Nvidia open sources Aerial software for Artificial Intelligence-native 5G and 6G

Nvidia will release its Aerial software as open source, expanding access to tools for building Artificial Intelligence-native 5G and 6G networks. The Apache 2.0 code, available starting in December and backed by DGX Spark hardware, aims to speed research, prototyping and deployment.

Nvidia is making a significant open-source push for telecom, announcing that its Aerial software will be released under Apache 2.0 licensing starting in December. The move brings the suite to a range of Nvidia platforms, including the DGX Spark system, and is positioned to let Artificial Intelligence-RAN and wireless researchers go from rapid prototyping to product development in hours rather than months. Nvidia frames this as a shift toward open collaboration in building Artificial Intelligence-native 5G and 6G networks, contrasting it with past reliance on licensed software and proprietary hardware. The company points to its previously open-sourced Sionna toolkit, which has surpassed 200,000 downloads and 500 citations, as evidence of momentum.

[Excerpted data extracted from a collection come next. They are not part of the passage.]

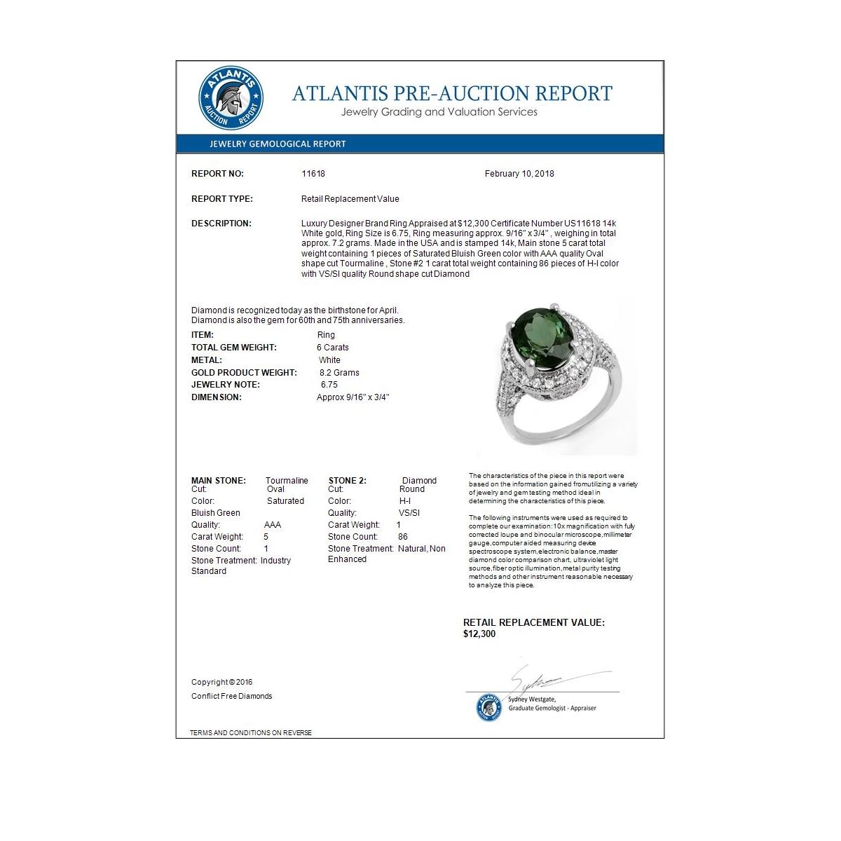 REF-160X2T -11618 ---- 6.0 CTW Green Tourmaline & Diamond Ring 14K White Gold ---- Luxury Designer Brand Ring Appraised at $12,300 Certificate Number US11618 14k White gold, Ring Size is 6.75, Ring measuring approx. 9/16" x 3/4" , weighing in total approx. 7.2 grams. Made in the USA and is stamped 14k, Main stone 5 carat total weight containing 1 pieces of Saturated Bluish Green color with AAA quality Oval shape cut Tourmaline , Stone #2 1 carat total weight containing 86 pieces of H-I color with VS/SI quality Round shape cut Diamond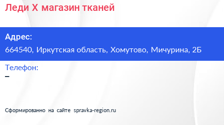 Леди Х, магазин тканей по адресу 664540, Иркутская область, Хомутово, Мичурина, 2Б в дальнейшем Организация, размещена в следующих категориях: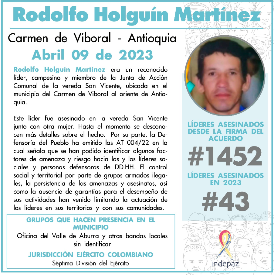 Él se convierte en el líder número 43, asesinado en Colombia.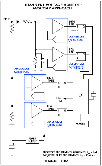 在這種情況下,DAC/比較器替代方案提供了幾個明顯優(yōu)勢。需要4個DAC和4個比較器(或一片MAX516),后面連接一個4路設(shè)置/復(fù)位觸發(fā)器。一組DAC/比較器/FF監(jiān)測高瞬態(tài)電壓,一組監(jiān)測低瞬態(tài)電壓,一組用于監(jiān)測電網(wǎng)跌落,一組用于監(jiān)測浪涌(圖2)。瞬態(tài)電壓直接耦合到比較器,連接到電壓跌落和浪涌監(jiān)測比較器的輸入首先要進(jìn)行整流和濾波,以獲得電網(wǎng)電壓的平均值??稍谲浖姓{(diào)整到合適的rms.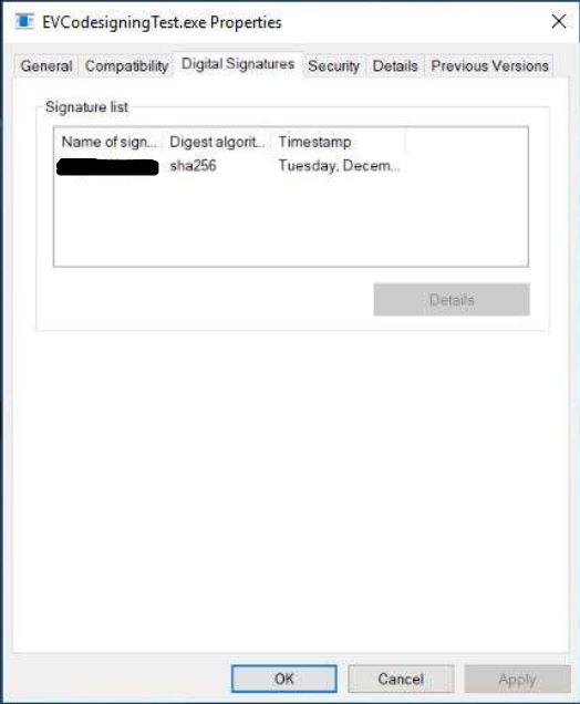 - Uma vez que a janela de propriedades tenha sido aberta, clique no menu rotulado "Assinaturas digitais", que exibirá o certificado de assinatura de código da sua empresa.

The open-source release spans Aerial CUDA-Accelerated RAN, Aerial Omniverse Digital Twin and the new Aerial Framework, with the digital twin slated for March 2026. Capabilities include a framework that converts Python into high-performance CUDA code for Aerial RAN platforms; neural models such as advanced channel estimation to improve wireless performance; a dApp framework that exposes secure, real-time physical layer data so third-party algorithms can adapt RAN behavior; and customizable pipelines that let developers swap modules to build full-stack RAN software. Nvidia says these components have already enabled the first made-in-America Artificial Intelligence-native wireless stack, demonstrating early 6G use cases like spectrum agility and integrated sensing and communications. The company adds that opening Aerial will invite developers beyond telecom to create applications for mobile networks, including agentic and physical Artificial Intelligence workloads that require mission-critical performance, and will support broader U.S. leadership in open source.

Nvidia is pairing the code release with hardware and tools to accelerate hands-on work. DGX Spark, described as the world’s smallest Artificial Intelligence supercomputer, is now available for Artificial Intelligence-native 5G and 6G research and can run Aerial or Sionna software, whether purchased from manufacturers or accessed via Nvidia DGX Cloud. The Sionna Research Kit now supports DGX Spark alongside Jetson AGX Orin, providing a portable, lab-in-a-box setup that includes user equipment, antennas, radio systems and core networks, enabling researchers to validate algorithm performance over the air and stand up a live 5G network in an afternoon. The Aerial Testbed adds over-the-air testing for CUDA-accelerated, full-stack networks on DGX Spark and GH200 Grace Hopper, with tight integration between network digital twins and live deployments. Dell Technologies is also introducing Dell Pro Max with GB10, a DGX Spark-based system aimed at intensive 5G and 6G workloads for testing, simulation and validation.

Nvidia says thousands of innovators already tap its Artificial Intelligence Aerial portfolio, including Northeastern University, Virginia Tech, Arizona State University and DeepSig, as well as researchers at WINSLab and LIDS at MIT working on Artificial Intelligence-driven advances for 6G and standards. The AI-RAN Alliance, comprising more than 100 telecom pioneers, is using the ecosystem across work groups, labs, benchmarking and demos. According to the alliance’s chair, opening Aerial and leveraging DGX Spark enables modular, software-defined wireless systems from lab to live environments, boosting spectrum efficiency, enhancing network performance and powering new Artificial Intelligence applications. Nvidia positions this as a pivotal milestone for an inclusive, software-defined and Artificial Intelligence-powered future, with collaboration moving at the speed of Artificial Intelligence and influencing national competitiveness and global standards.